A Escolinha Maria Felipa, de Salvador, publicou nas redes sociais o trecho de uma conversa entre a instituição de ensino e outra pessoa não identificada. No diálogo, a Escolinha Maria Felipa é questionada sobre ter um  homem trans professor e a resposta repercutiu nas redes sociais. “Vocês têm um professor trans na escola, né?”, pergunta a pessoa Após a confirmação da escola, dizendo que o educador é um “excelente profissional”, o interlocutor segue com outra pergunta. “Não que eu concorde, mas você não acha que isso pode ter diminuído o número de matrículas de vocês?”, pergunta.

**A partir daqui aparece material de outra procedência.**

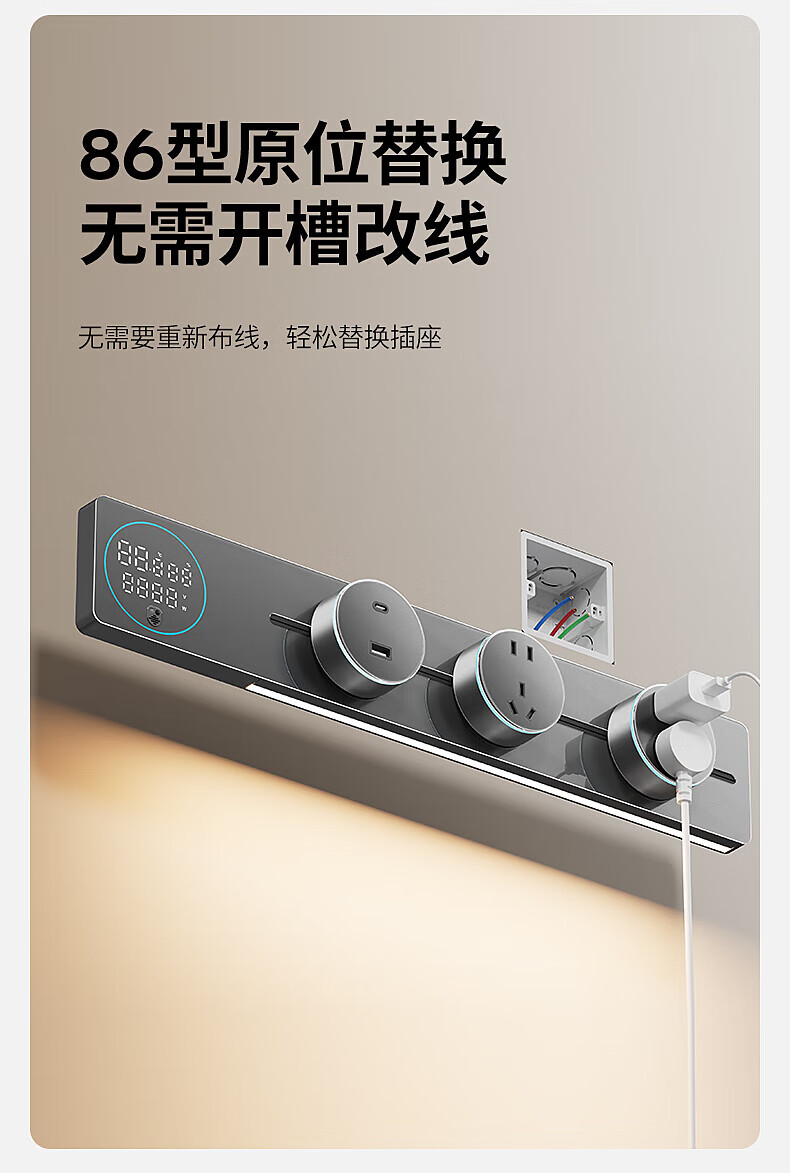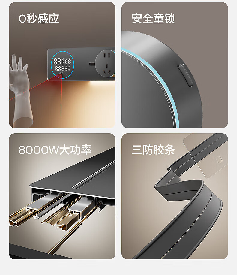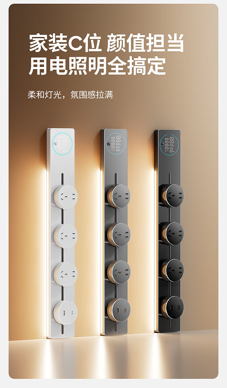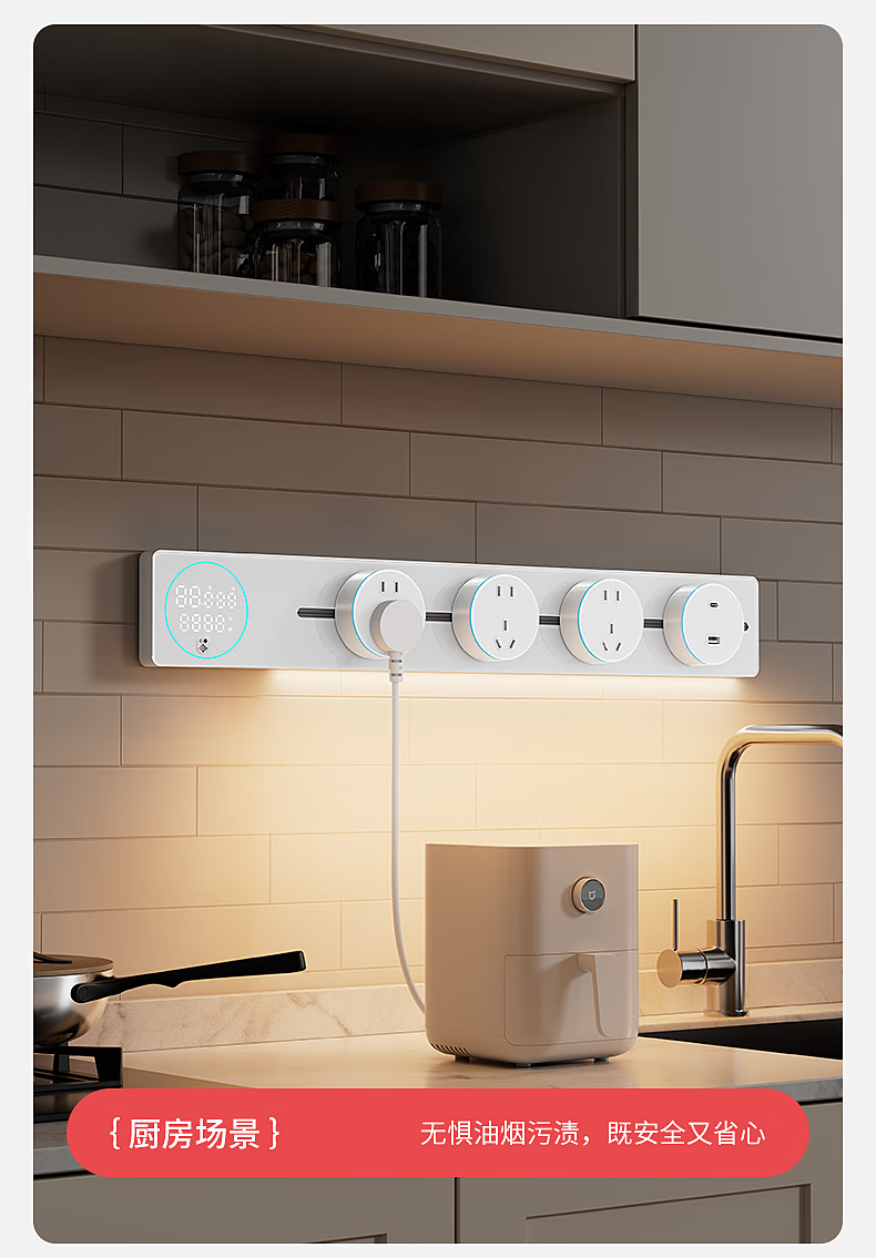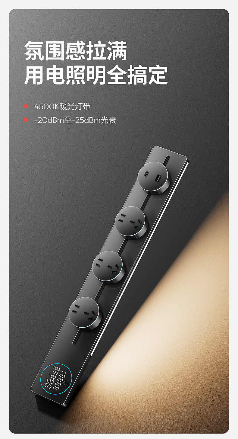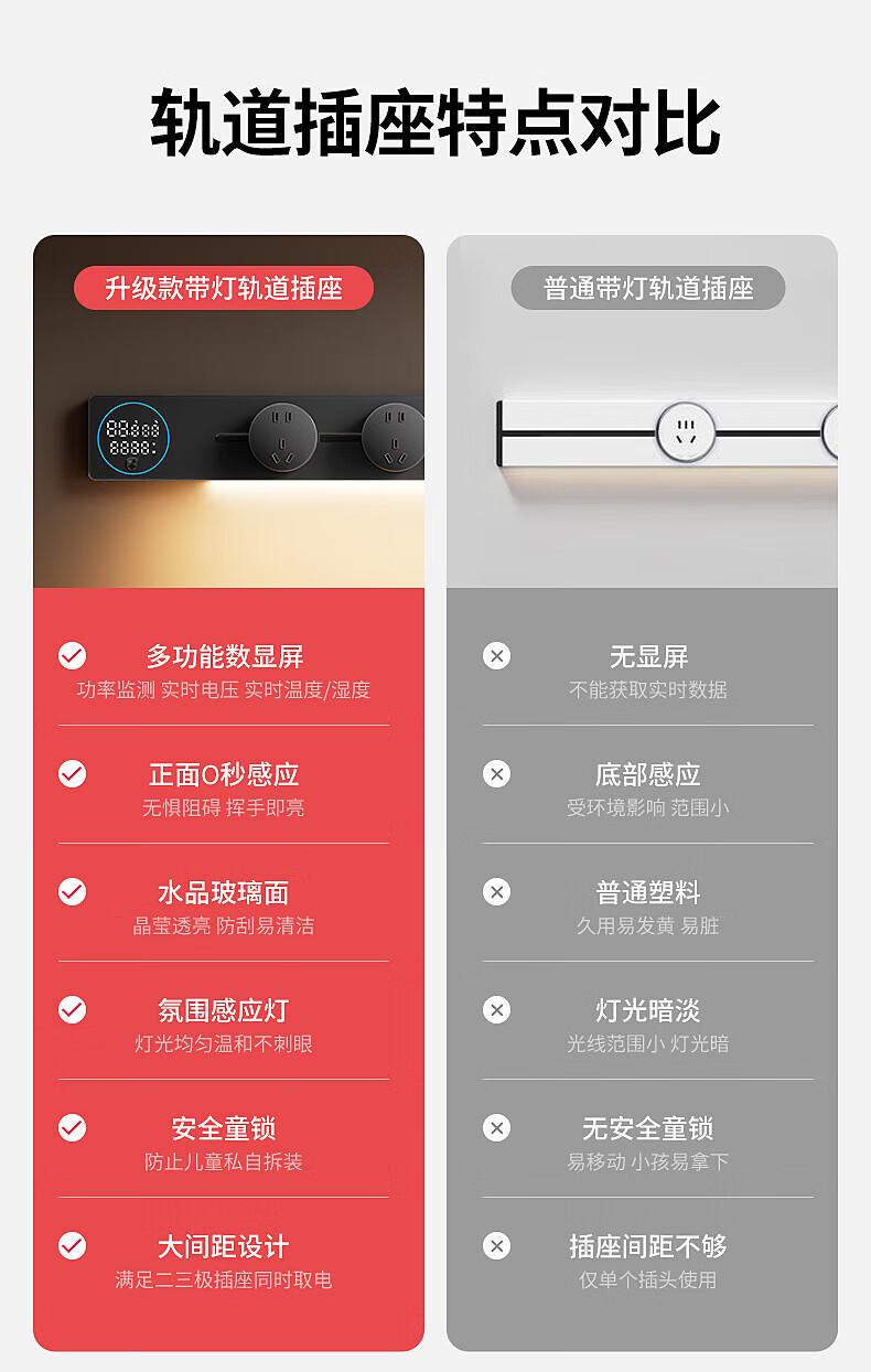 国际电工智能显示屏玻璃镜面轨道插座家用厨房餐边柜移动带灯数显滑动插排 【水晶玻璃数显屏】灰色50cm+3个大五孔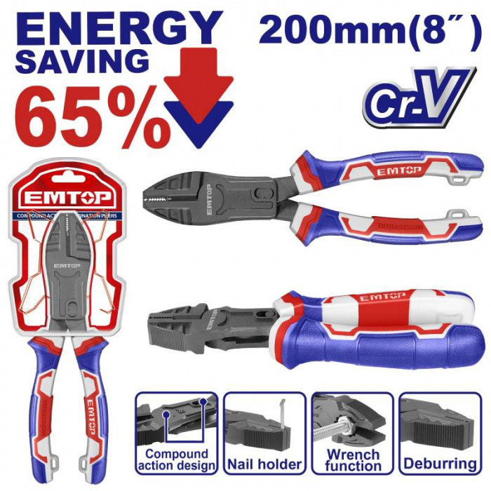 Kleště kombinované převodové 200 mm (úspora síly 65%)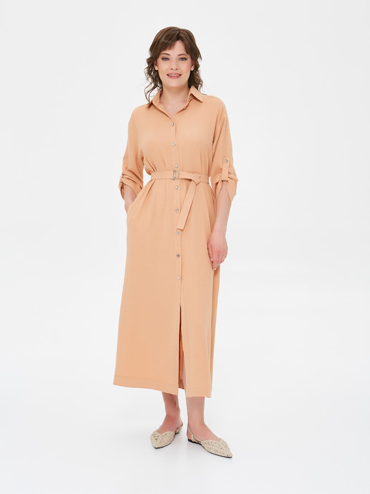 Застежка центральная, на планке переда, на петли и пуговицы. Воротник отложной, с отрезной стойкой. Рукав комбинированный, длиной ?. Нижняя часть рукава рубашечного типа, верхняя - цельнокроеная с кокеткой переда и спинки. Длина рукава регулируется с помощью хлястика. Средний шов спинки снизу заканчивается шлицей. В боковых швах карманы. Талия подчеркнута съемным поясом с металлической пряжкой. Платье декорировано отделочными строчками.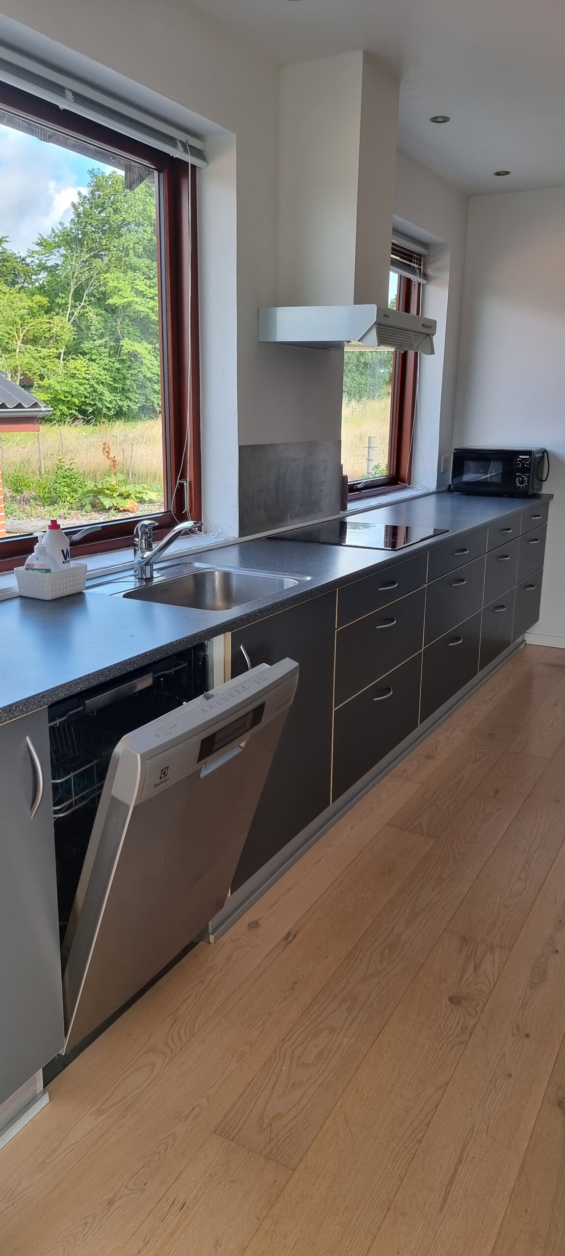 The home consists of a living room, bedroom, kitchen and bathroom on the ground floor of the manager's residence for Hårby Dairy. Private entrance and free parking. The house was built in 1905, there are wooden floors and high ceilings in all rooms. Bedroom with double bed and space for a cot - Living room with dining table and 4 chairs, sofa bed with 2 beds, TV, Wi-Fi, books and games - Kitchen with dishwasher, refrigerator, stove, - Bathroom with toilet, shower, washing machine. Outdoor fenced space with dining area and barbecue.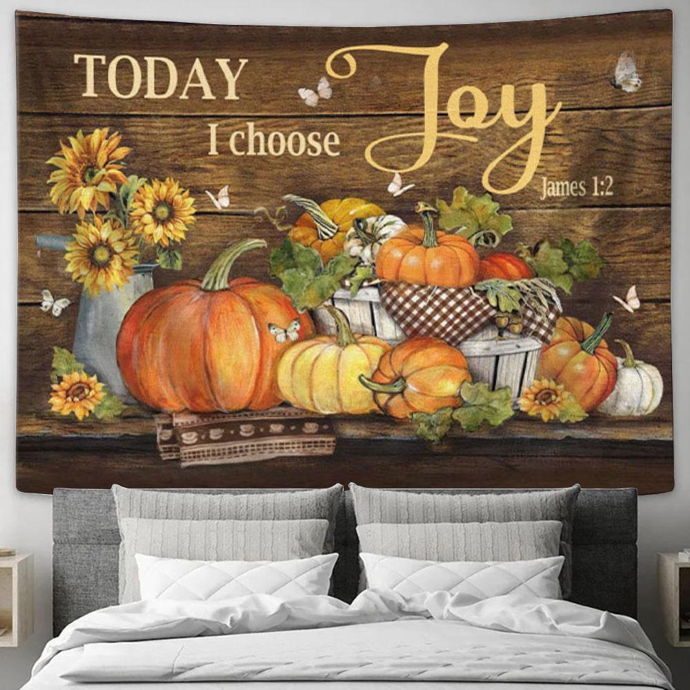 Today I Choose Joy James 12 Pumpkin Autumn Tapestry Wall Art - Christian Wall Decor
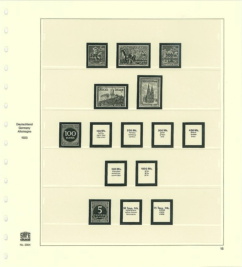 Förtrycksblad med fickor Tyska Riket 1923-1932, Weimarrepubliken. Inkl. de samtida tjänste m.m. Denna bladsats passar till alla Favorit ringpärmar. Antal blad: 11 + titelblad
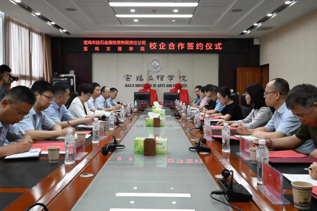 7月5日上午,我校与宝鸡市础石金属检测有限责任公司在高新校区图书馆801会议室签订校企合作战略协议。宝鸡市工业和信息化局副局长张华,中铁宝桥集团党委委员、总会计师纪劲,宝鸡市础石金属检测有限责任公司法人、执行董事武光泽,我校副校长凡明锦出席会议。机械工程学院院长王肖烨主持仪式。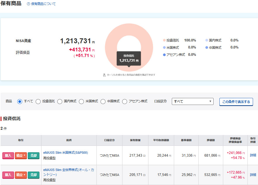 ファンドの方も前月からはマイナス。合わせるとSBI証券分だけでマイナス54,434円でした。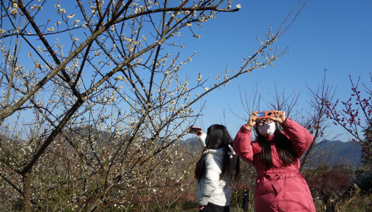 【香港商報網訊】安徽黃山市黃山梅園坐落在530國道的黃山區焦村鎮山河村,有紅梅、墨梅、白梅、臘梅、綠梅等1000餘株,占地百餘畝,各色品種的梅花在雪後初晴的藍天掩映之下競相綻放,本就惹眼的花瓣顯得更加絢麗無比。微風拂過,一個個玲瓏小巧的花苞,傲立枝頭,寒風中搖曳生姿,不時飄來淡淡清香,沁人心脾,展示了濃濃的初春氣息,成為黃山腳下一道靚麗風景。(吴敏 王士哲 崔豔)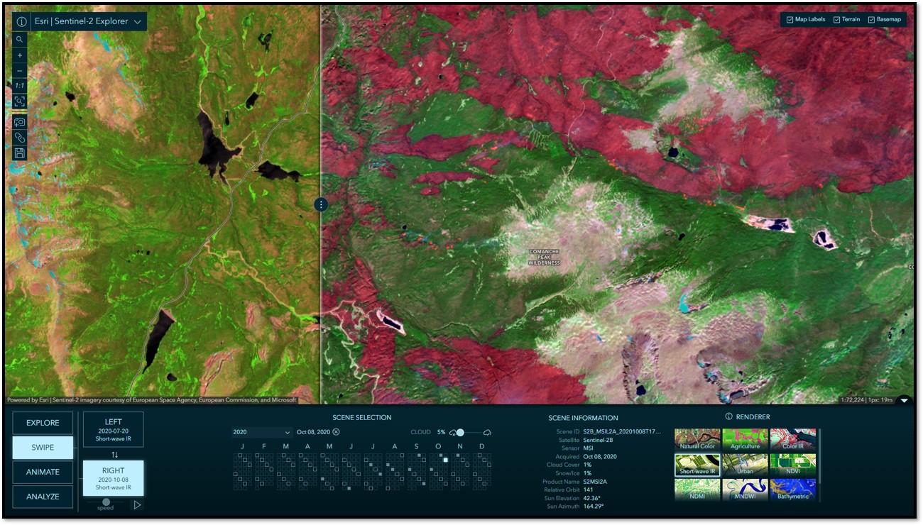 In Swipe mode, you can select two scenes to swipe and visually compare differences between them. It is common to choose between scenes of different dates, but you can also swipe and compare different renderings of the same date, or mix and match. Swipe is a simple yet very powerful way to visually detect, explore, and analyze differences and similarities between two images. Below is a before and after comparison from a portion of the 2020 Cameron Peak fire in Colorado, USA. The image on the left shows pre-fire conditions, while the image on the right is post-fire, where the burn scars are readily visible as a fuchsia color in this Short Wave Infrared spectral rendering. Also visible in the image on the right are some active fire hot spots shown in orange.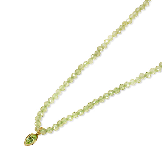 14k Peridot Small Faceted Bead with Pendant Necklace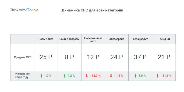 Снижение CTR (кликабельность рекламы) было во всех тематических категорий, кроме трейд-ин (+2%), что, в свою очередь, сказалось на стоимости клика. Так, CPC увеличилась в следующих категориях: «новые авто» до 25 рублей в среднем, «общие запросы» до 8 рублей, «автокредит» до 37 рублей. А в таких категориях цена клика снизилась: «подержанные авто» до 12 рублей (из-за общего снижения интереса к категории), «автосервис» до 24 рублей, а лидирующее место по снижению стоимости заняла категория «трейд-ин» до 21 рубля.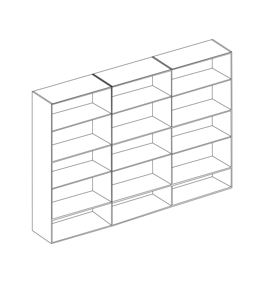 Тройной открытый шкаф лакированный каркас 4 полки 270x45x202 эбеновое дерево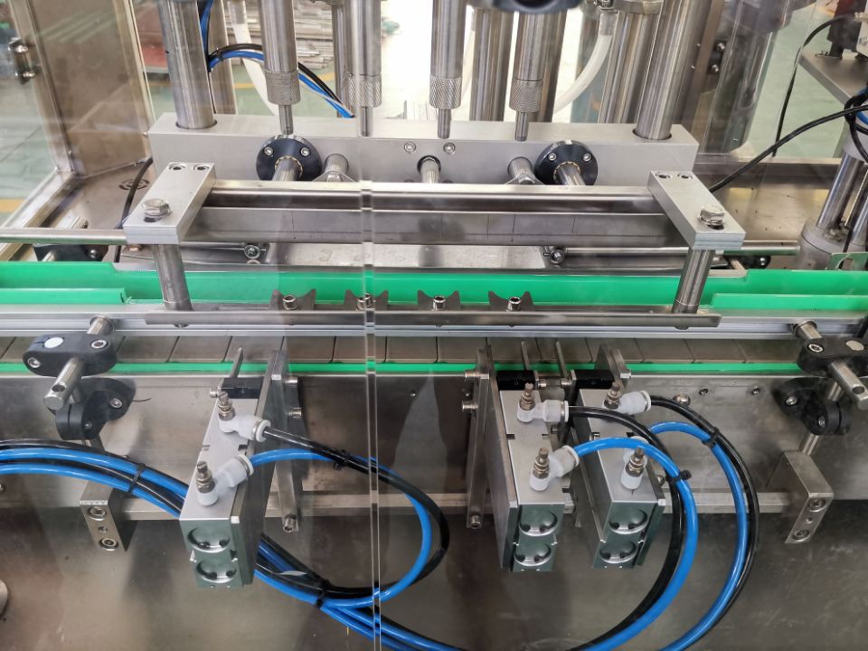 The inline filling capping monoblock is designed to operate at a fast filling speed. It can efficiently fill, screw, and label bottles of various sizes ranging from 5ml to 120ml. This monoblock is suitable for filling various products such as nail polish, e-liquid, essential oils, flavors, dyes, and reagents. It offers flexibility by accommodating different bottle formats, ensuring seamless production processes.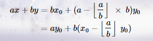 所以 原式 可化为 ax + by = gcd(a,b) -> ax + by = gcd(b,a%b) -> bx0 + (a%b)y0 = gcd(b,a%b)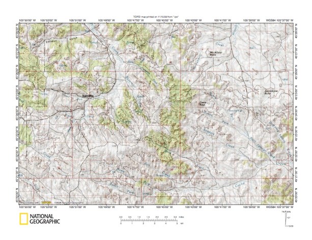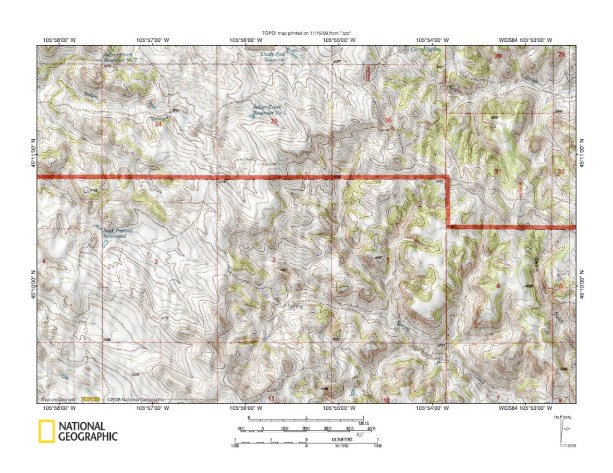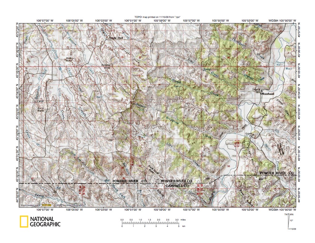 Figure 9: Otter Creek-Powder River drainage divide area near state line. United States Geological Survey map digitally presented using National Geographic Society TOPO software.
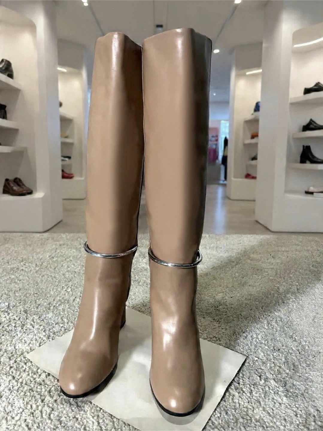 These stylish nude leather tall boots feature a sleek design with a subtle silver accent ring around the ankle. Perfect for adding a touch of sophistication to any outfit. The boots are made from genuine leather.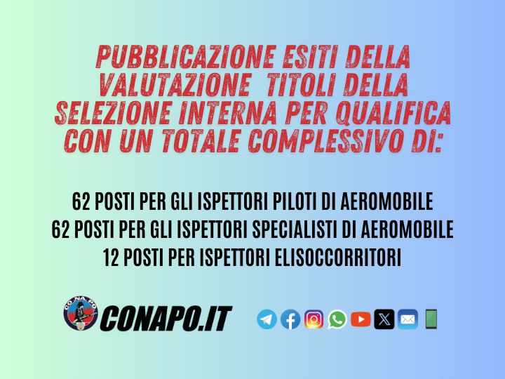 Avviso concernente gli esiti della valutazione dei titoli della selezione interna, per qualifica con un totale complessivo di 62 posti per gli Ispettori piloti di aeromobile; 62 posti per gli Ispettori specialisti di aeromobile; 12 posti per Ispettori elisoccorritori, con decorrenza 2019, 2020, 2021, 2022, 2023 e 2024.
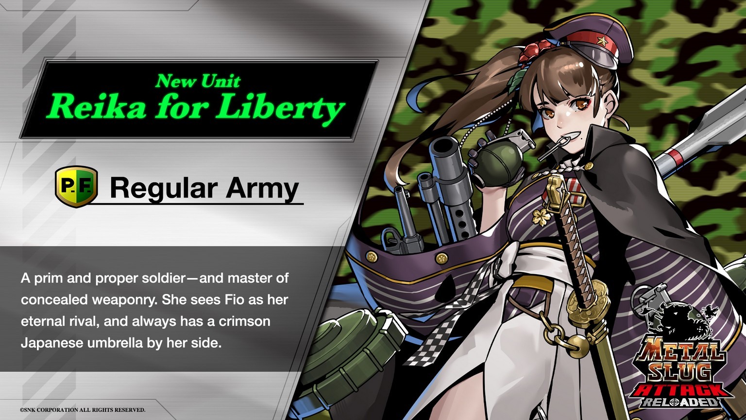 METAL SLUG ATTACK》備受好評的期間限定活動中登場的兵種單位,這次將會作為通常兵種單位進行追加。另外,伴隨兵種單位的追加,常夏篇和聖誕篇的劇情,以及可以瀏覽兵種單位高清插圖的 GALLERY、頭像、任務也將隨之更新。

A resposta da escola, depois de publicada nas redes sociais, chamou atenção: “Quem acha que uma pessoa trans, apenas por ser trans, não pode educar seu filho não merece a nossa escola”. O professor trans contratado pela escola é Bruno Santana, primeira pessoa trans formada em Educação Física pela Universidade Estadual de Feira de Santana (Uefs). Ele também é segundo homem trans a assessorar um parlamentar da Câmara Municipal de Salvador nos 470 anos de fundação da casa.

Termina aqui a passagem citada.